In practice, whether to use Jina base image depends on the dependencies you would like to introduce. For example, someone provides a hard-to-compile package as a Docker image, much harder than compiling/installing Jina itself. In this case, you may want to use this image as the base image to save some troubles. But don’t forget to install Python >=3.7 (if not included) and Jina afterwards, e.g.

FROM awesome-gpu-optimized-kit

RUN pip install jina --no-cache-dir --compile

The ways of installing Jina can be at found here.

In this example, our dummy MWUEncoder only requires Jina and does not need any third-party framework. Thus, jinaai/jina:devel is used.

ADD *.py mwu_encoder.yml ./

The second step is to add all necessary files to the image. Typically, Python codes, YAML config and some data files.

In this example, our dummy MWUEncoder does not require extra data files.

ENTRYPOINT ["jina", "pod", "--yaml-path", "mwu_encoder.yml"]

The last step is to specify the entrypoint of this image, usually via jina pod.

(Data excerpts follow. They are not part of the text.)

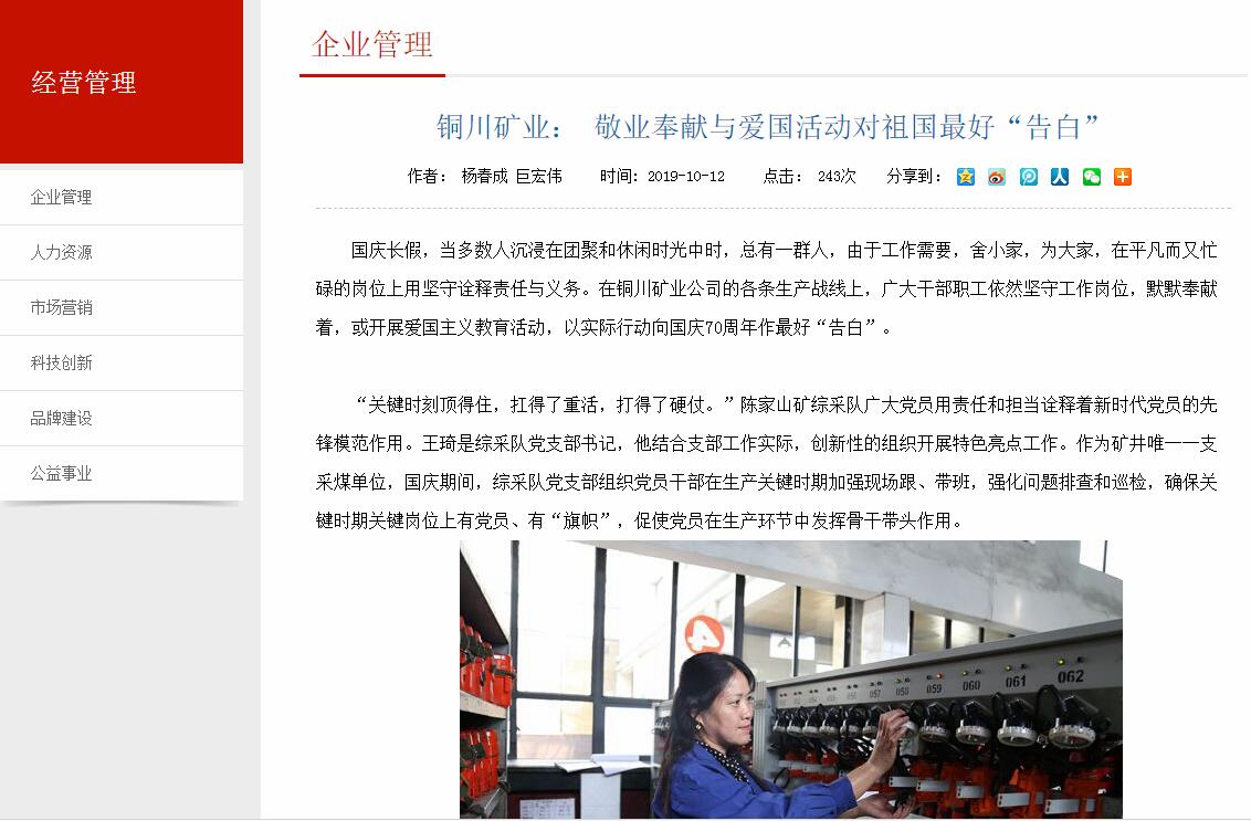 國(guó)慶長(zhǎng)假,當(dāng)多數(shù)人沉浸在團(tuán)聚和休閑時(shí)光中時(shí),總有一群人,由于工作需要,舍小家,為大家,在平凡而又忙碌的崗位上用堅(jiān)守詮釋責(zé)任與義務(wù)。在銅川礦業(yè)公司的各條生產(chǎn)戰(zhàn)線上,廣大干部職工依然堅(jiān)守工作崗位,默默奉獻(xiàn)著,或開展愛國(guó)主義教育活動(dòng),以實(shí)際行動(dòng)向國(guó)慶70周年作最好“告白”。
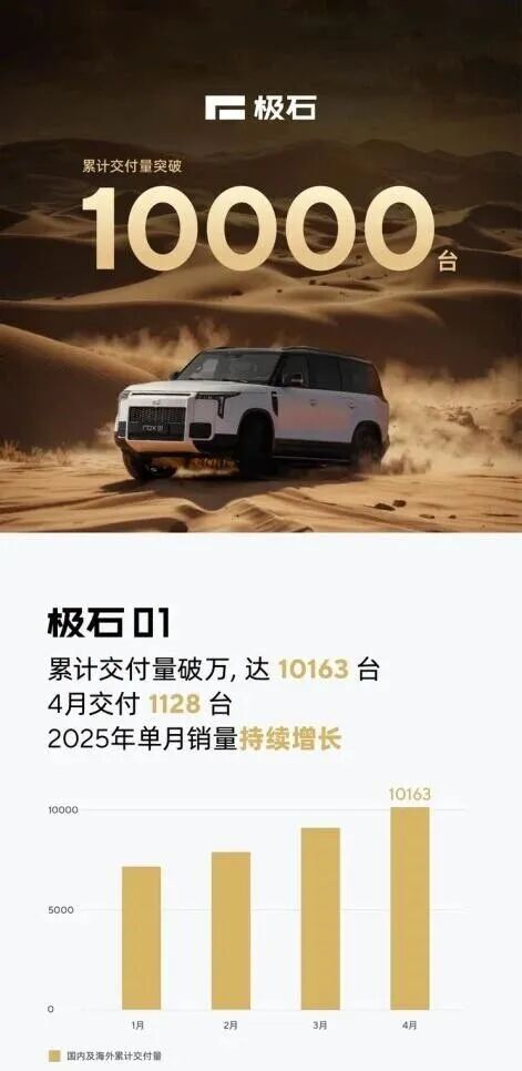 据极石汽车显示,截止至今年4月份,极石汽车在全球交付了超过1万台汽车。并且在中东地区,极石汽车极受欢迎。
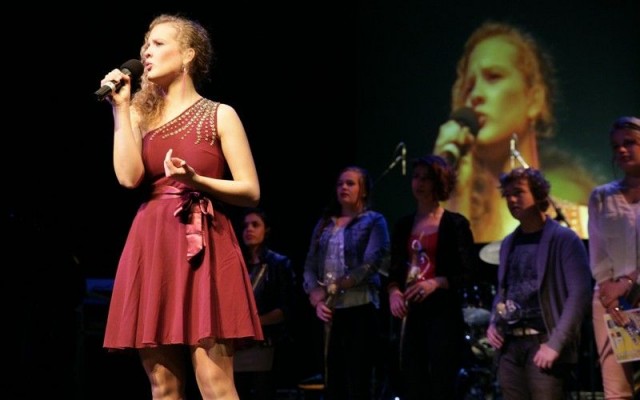 Hieronder interviews met ‘The Voice of Almelo’, Sara van der Laan, die ook haar winnende chanson ten gehore brengt, de publiekswinnaars Janna Heuvelman & Noortje Dam en de voorzitter van de jury Martijn Bakker, docent Kaliber Kunstenschool en een nummer van zanggroep 'Rumor Has It'. Foto's: Coen Mulder.
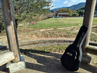 (家から30分くらい)。立派な四阿(あずまや)で、2時間くらいアコギ・タイム。弦の音や声の反響がいい
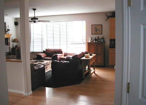Family Room![]() The brick built-in holds a gas fireplace, a TV and a component set. Above the fireplace is another accent wall at the back of a display niche. The hardwood floor was cut to accommodate a set-in carpet. Against the light wood of the floors and kitchen and the light of all the windows, the richness of the red brick and deep green (look, Mom -- more green!) add a richness and a cosiness to the room. Behind the couch on the left you'll see the half-wall that separates the family room from the hallway, yet leaves the sense of open space. ![]() This is taken from the angled hallway to the left of the entranceway and front door. On the very right side of the frame is the door leading down to the basement, and the left side shows off the half wall defining that side of the family room. I love the angles they cut in the floor for the carpet! The big windows directly across look out over the Front Range mountains.
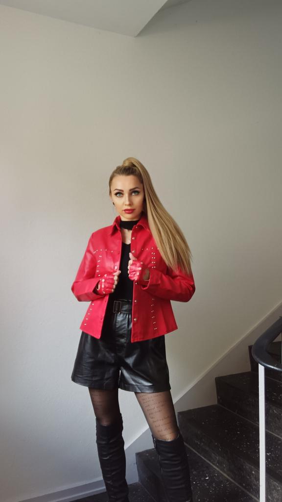 Short faux leather jacket 🥼 🔆Delivery time 🔆: 18 days to Germany. 🔆Scope of delivery 🔆: The delivery includes a beautiful jacket in the appropriate size and color. The product is available in 5 different colors. It is available in sizes from S to 3XL. I ordered it in red in size M and the jacket 🧥 fits me perfectly!!!! The jacket fits true to size, so I recommend you order your normal size or a size larger. I normally wear size S (36). I weigh 55kg and am 167cm tall. QUALITY 🔆: The jacket has an excellent quality, very well made, without unpleasant chemical smell. Material composition: Polyester, synthetic leather. ✅️To sum up, it's a beautiful faux leather jacket 🧥👍👍👍🔝 that runs true to size. 👍👍🔝You have to order it in a full size. Thank you Joom and the seller! 5 Stars! 🌟🌟🌟🌟🌟❗️❗️❗️❗️ I would be happy to recommend the product!👍🔝🔝🔝🔝✅️👌
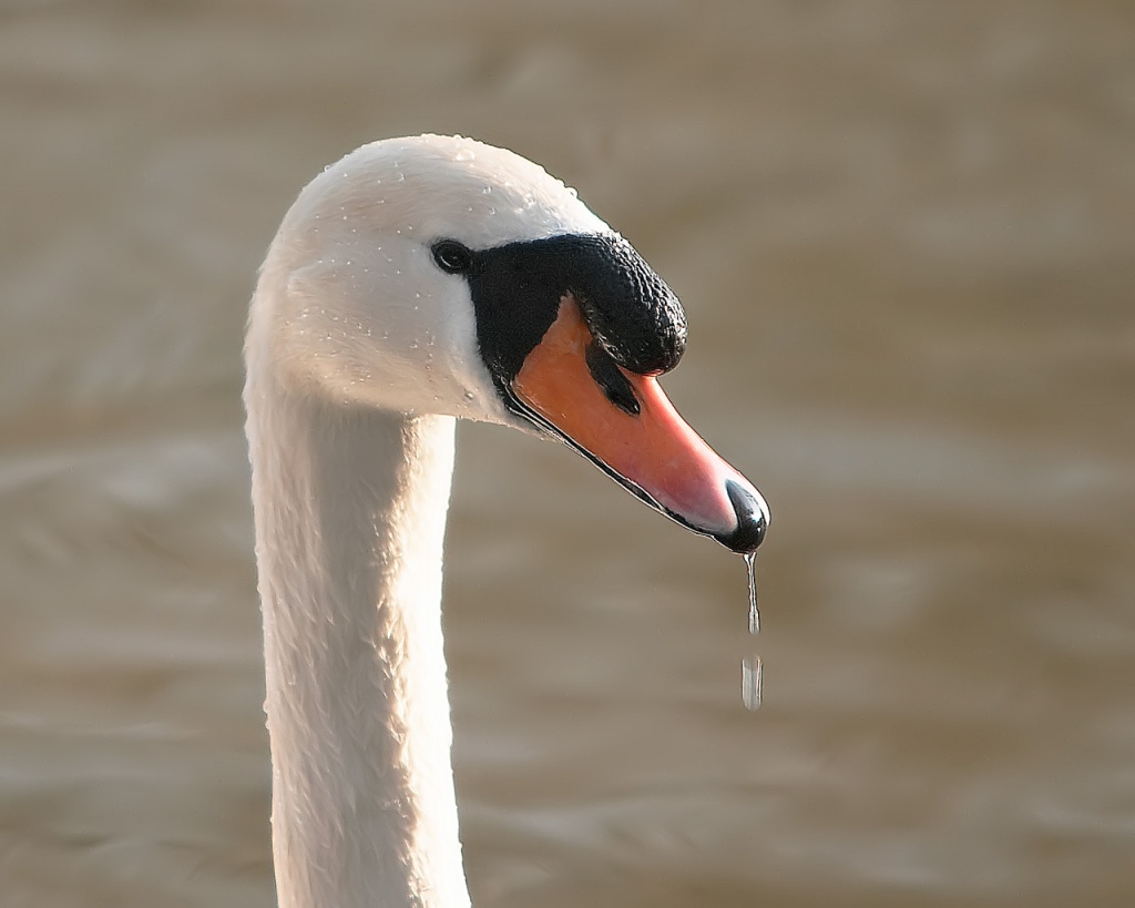 Description: A swan with a long neck and a black head is standing in the water and has a drop of water in its beak.
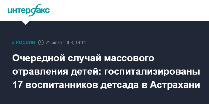 Астрахань/Ростов-на-Дону. 22 июня. ИНТЕРФАКС-ЮГ - В Астрахани 17 воспитанников детского сада № 110 госпитализированы с диагнозом "пищевое отравление", сообщили агентству "Интерфакс-Юг" в региональном ГУ МЧС РФ в воскресенье вечером.
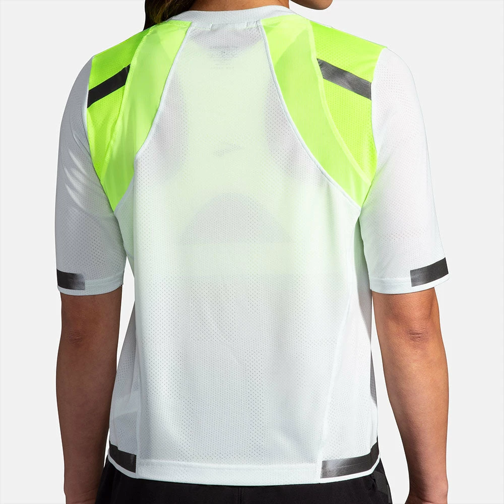 When it’s time for late-night exercise, the Brooks Carbonite Short Sleeve keeps you cool. As part of the Run visible collection, this short sleeve shirt uses reflective accents in high-motion zones to increase visibility in low-light conditions. High-visibility material reflects the light from a car’s headlights directly back toward the driver, helping you remain seen during dark runs.
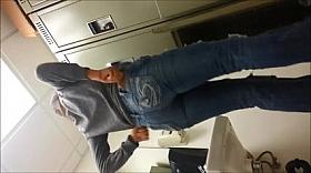 A gorgeous fresh lady shows her sporty body to changing room voyeur cam
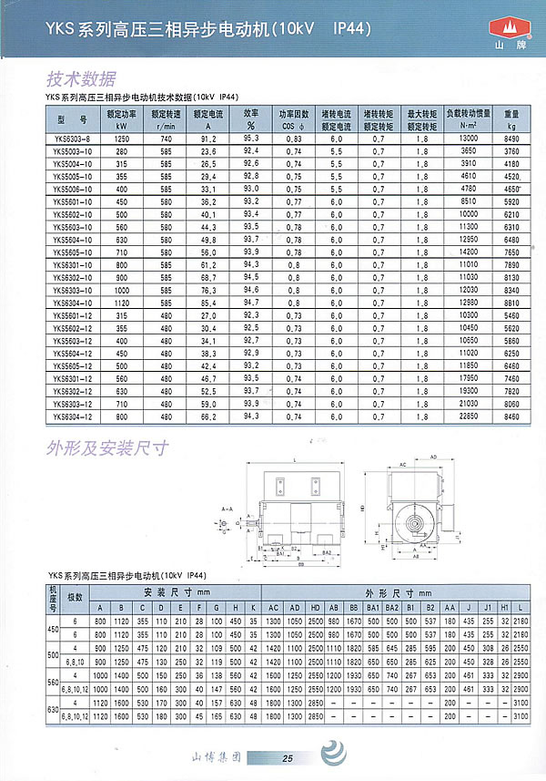 產品型號 | YKS系列高壓三相異步電動機(10kV IP44) |

In this example, we set mwu_encoder.yml as a default YAML config. So if the user later run

docker run jinaai/hub.examples.mwu_encoder

It is equal to:

jina pod --yaml-path hub/example/mwu_encoder.yml

Any followed key-value arguments after docker run jinaai/hub.examples.mwu_encoder will be passed to jina pod. For example,

docker run jinaai/hub.examples.mwu_encoder --port-in 55555 --port-out 55556

It is equal to:

jina pod --yaml-path hub/example/mwu_encoder.yml --port-in 55555 --port-out 55556

One can also override the internal YAML config by giving an out-of-docker external YAML config via:

docker run $(pwd)/hub/example/mwu_encoder_ext.yml:/ext.yml jinaai/hub.examples.mwu_encoder --yaml-path /ext.yml

3. Build the Pod Image

Now you can build the Pod image via docker build:

cd hub/example
docker build -t jinaai/hub.examples.mwu_encoder .

Depending on whether you want to use the latest Jina image, you may first pull it via docker pull jinaai/jina:devel before the build. For the sake of immutability, docker build will not automatically pull the latest image for you.

Congratulations! You can now re-use this Pod image how ever you want.